§ Action item
Produce a faithful copy of the data, one that leaves out the pictures.

(Items from a dataset)
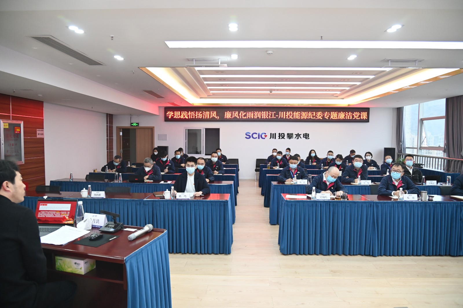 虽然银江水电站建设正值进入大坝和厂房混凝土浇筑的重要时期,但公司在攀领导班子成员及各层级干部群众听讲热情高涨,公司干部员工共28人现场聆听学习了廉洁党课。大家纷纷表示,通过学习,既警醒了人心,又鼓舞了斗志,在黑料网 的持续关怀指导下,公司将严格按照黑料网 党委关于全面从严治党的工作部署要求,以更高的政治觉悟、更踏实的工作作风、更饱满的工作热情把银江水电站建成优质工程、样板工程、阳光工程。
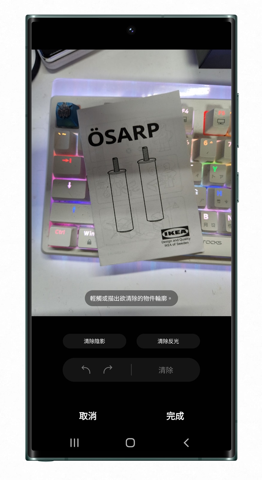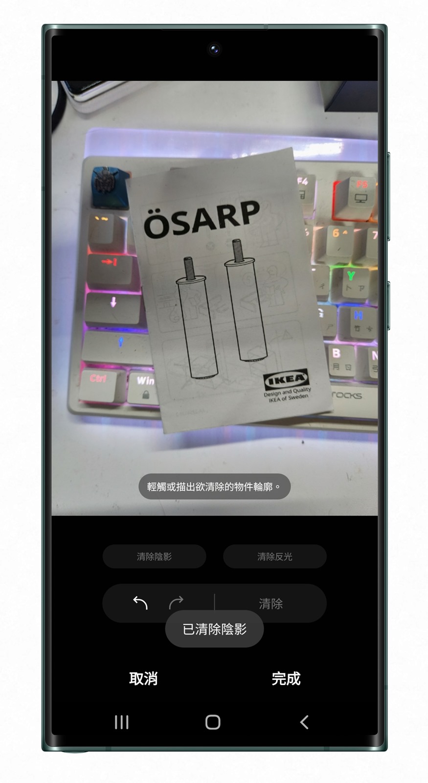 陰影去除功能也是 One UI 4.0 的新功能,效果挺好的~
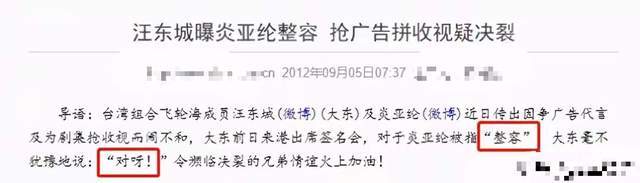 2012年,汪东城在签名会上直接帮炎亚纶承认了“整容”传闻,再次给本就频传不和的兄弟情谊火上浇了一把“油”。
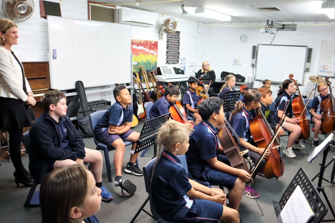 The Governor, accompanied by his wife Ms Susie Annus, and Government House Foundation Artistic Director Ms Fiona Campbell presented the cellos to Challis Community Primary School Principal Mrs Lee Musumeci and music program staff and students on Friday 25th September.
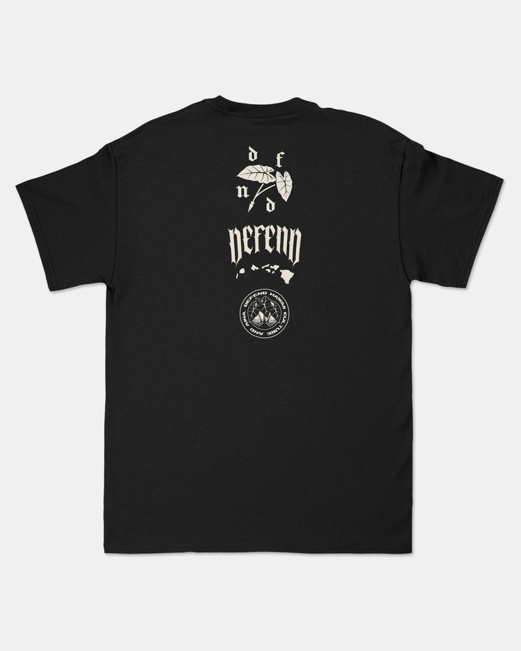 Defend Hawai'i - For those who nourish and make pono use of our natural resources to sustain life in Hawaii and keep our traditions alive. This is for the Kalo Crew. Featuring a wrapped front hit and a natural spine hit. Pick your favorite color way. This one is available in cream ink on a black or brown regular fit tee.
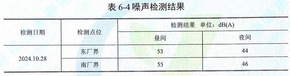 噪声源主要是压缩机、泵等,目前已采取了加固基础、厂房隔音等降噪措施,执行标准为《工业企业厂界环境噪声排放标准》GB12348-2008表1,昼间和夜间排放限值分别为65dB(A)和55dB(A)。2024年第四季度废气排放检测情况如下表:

§ Your response
 虽然银江水电站建设正值进入大坝和厂房混凝土浇筑的重要时期,但公司在攀领导班子成员及各层级干部群众听讲热情高涨,公司干部员工共28人现场聆听学习了廉洁党课。大家纷纷表示,通过学习,既警醒了人心,又鼓舞了斗志,在黑料网 的持续关怀指导下,公司将严格按照黑料网 党委关于全面从严治党的工作部署要求,以更高的政治觉悟、更踏实的工作作风、更饱满的工作热情把银江水电站建成优质工程、样板工程、阳光工程。
 陰影去除功能也是 One UI 4.0 的新功能,效果挺好的~
 2012年,汪东城在签名会上直接帮炎亚纶承认了“整容”传闻,再次给本就频传不和的兄弟情谊火上浇了一把“油”。
 The Governor, accompanied by his wife Ms Susie Annus, and Government House Foundation Artistic Director Ms Fiona Campbell presented the cellos to Challis Community Primary School Principal Mrs Lee Musumeci and music program staff and students on Friday 25th September.
 Defend Hawai'i - For those who nourish and make pono use of our natural resources to sustain life in Hawaii and keep our traditions alive. This is for the Kalo Crew. Featuring a wrapped front hit and a natural spine hit. Pick your favorite color way. This one is available in cream ink on a black or brown regular fit tee.
 噪声源主要是压缩机、泵等,目前已采取了加固基础、厂房隔音等降噪措施,执行标准为《工业企业厂界环境噪声排放标准》GB12348-2008表1,昼间和夜间排放限值分别为65dB(A)和55dB(A)。2024年第四季度废气排放检测情况如下表:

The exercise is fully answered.